Y hay una buena razón para ello. Una que implica una investigación de varios años con entrevistas sumarias a más de 40 testigos y un informe forense de 80 páginas.
Un hombre, muchas muertes. Sobre la muerte de Hitler han corrido ríos mares océanos de tinta. A lo largo de las últimas ocho décadas han circulado todo tipo de teorías —a cada cual más descabellada— sobre cuál fue el destino del líder nazi, dónde, cuándo y en qué condiciones murió, si escapó del Führerbunker en el que se recluyó en los compases finales de la guerra y, en ese caso, cómo lo hizo.
La profusión de historias sobre qué pasó con el Führer más allá de abril de 1945 es casi comparable con la de teorías sobre el lugar de nacimiento de Colón. Circulan muchas. Muchísimas. Y diversas. Diversísimas. La mayoría muy endebles.
¿Adolf Hitler en la Antártida? Sin ánimo de ser exhaustivo, ahí va una pequeña lista de algunas teorías sobre la suerte que corrió Hitler. Una aseguraba que tras escapar del búnker, Hitler se subió a un submarino alemán y acabó en un rancho de América del Sur. Hace años un empresario argentino llegó a asegurar que tenía pruebas de que el dictador alemán murió en 1987 en Mendoza, Argentina, donde había vivido con Eva Braun y cuatro hijos adoptivos.
Otra teoría sostiene que Hitler se refugió en la Tierra de la Reina Maud, en la Antártida. Hay historias sobre cómo llevó una vida ermitaña en una remota cueva de Italia, cómo terminó de pastor en los Alpes suizos, encontró trabajo de croupier en un casino francés, se le vio vagando por Irlanda o Colombia o incluso se refugió en el monasterio de Samos antes de embarcar en un submarino rumbo a América.
En general todas las teorías parten de la misma base: bien apoyándose en la extensa red de espías tejida por los nazis a lo largo del mundo o un pacto con la inteligencia estadounidense a cambio de los secretos de la tecnología alemana, Hitler logró escapar del búnker en el que se le pierde la pista en abril de 1945.

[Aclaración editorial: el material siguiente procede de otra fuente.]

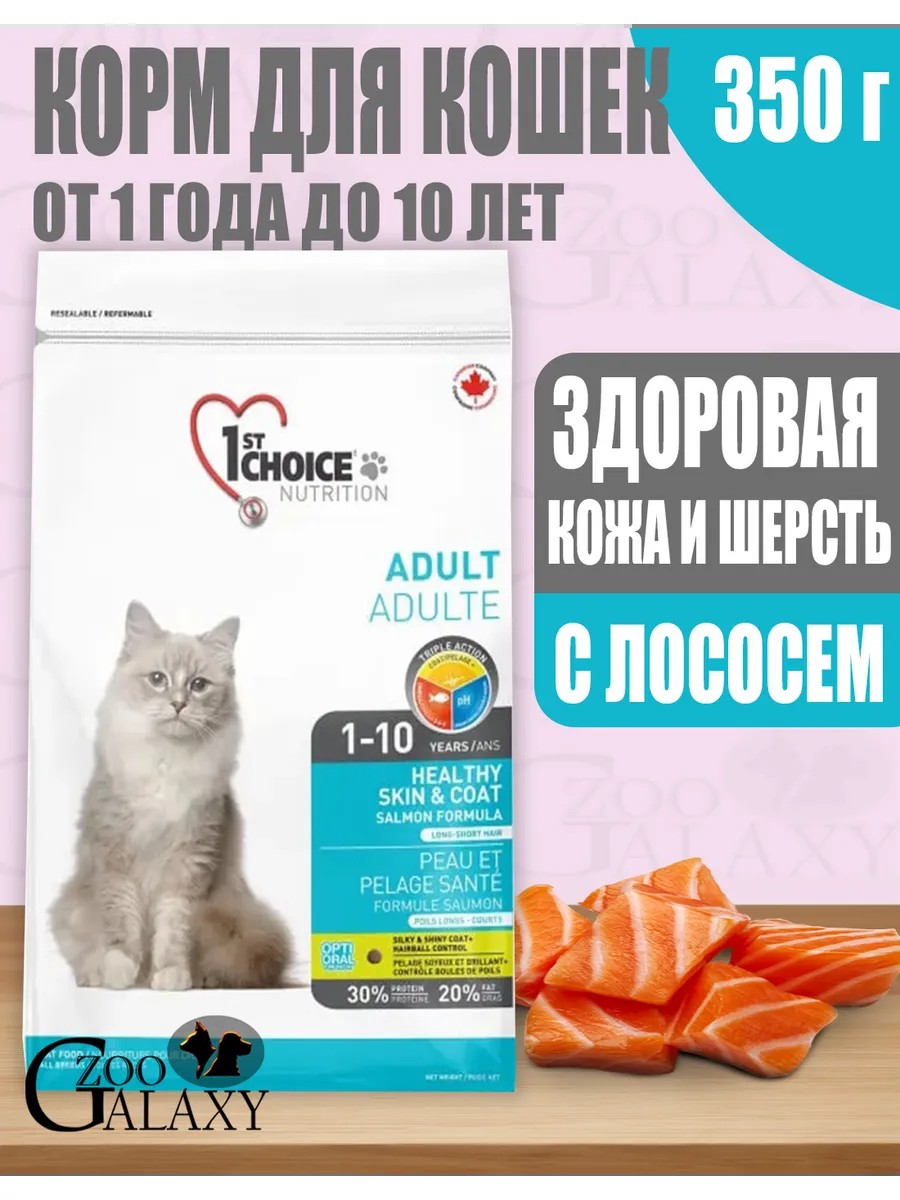 1st Choice Корм для кошек здоровая кожа и шерсть с лососем 350 г

Pero… ¿Qué pasó? La polémica en torno a la muerte de Hitler es más una cuestión de color que de fondo. Por lo general los historiadores no tienen dudas. Sobre la suerte que corrieron el Führer y su esposa, Eva Braun, hay un consenso amplio y bien consolidado. Hitler se suicidó el 30 de abril de 1945 en su búnker de Berlín. Lo hizo con ayuda de cianuro y un balazo en la cabeza. Su cadáver y el de Braun acabaron calcinados por deseo expreso del propio Hitler, que días antes de quitarse la vida lo había ordenado así para evitar caer en manos de los rusos.

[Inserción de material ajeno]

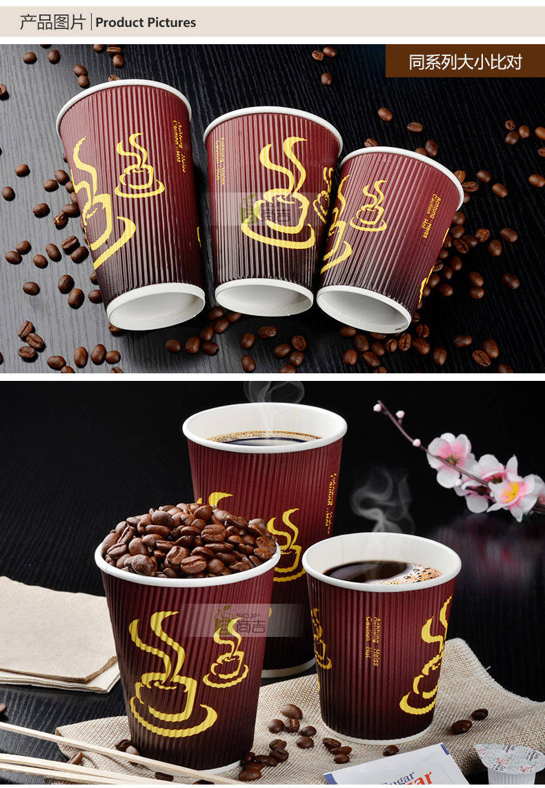 一次性防烫瓦楞纸杯 螺纹咖啡奶茶加厚纸杯1

Además de múltiples testimonios recabados en los años 40 y 50, la versión del suicido quedó en parte confirmada en 2018 por el forense Philippe Charlier, quien junto al resto de sus colegas pudo examinar en persona los supuestos restos óseos del Führer (pocos) que todavía conservan los servicios secretos rusos.
Su análisis corroboró que los dientes que se preservan eran de Adolf Hitler, algo que se constató con ayuda del historial dental del líder nazi, y reveló que las piezas muestran manchas azules que concuerdan con la versión de que tomó cianuro. En los fragmentos de cráneo atribuidos al Führer se aprecia además un agujero en un lateral. Otra pista que secunda la historia de que se descerrajó un balazo.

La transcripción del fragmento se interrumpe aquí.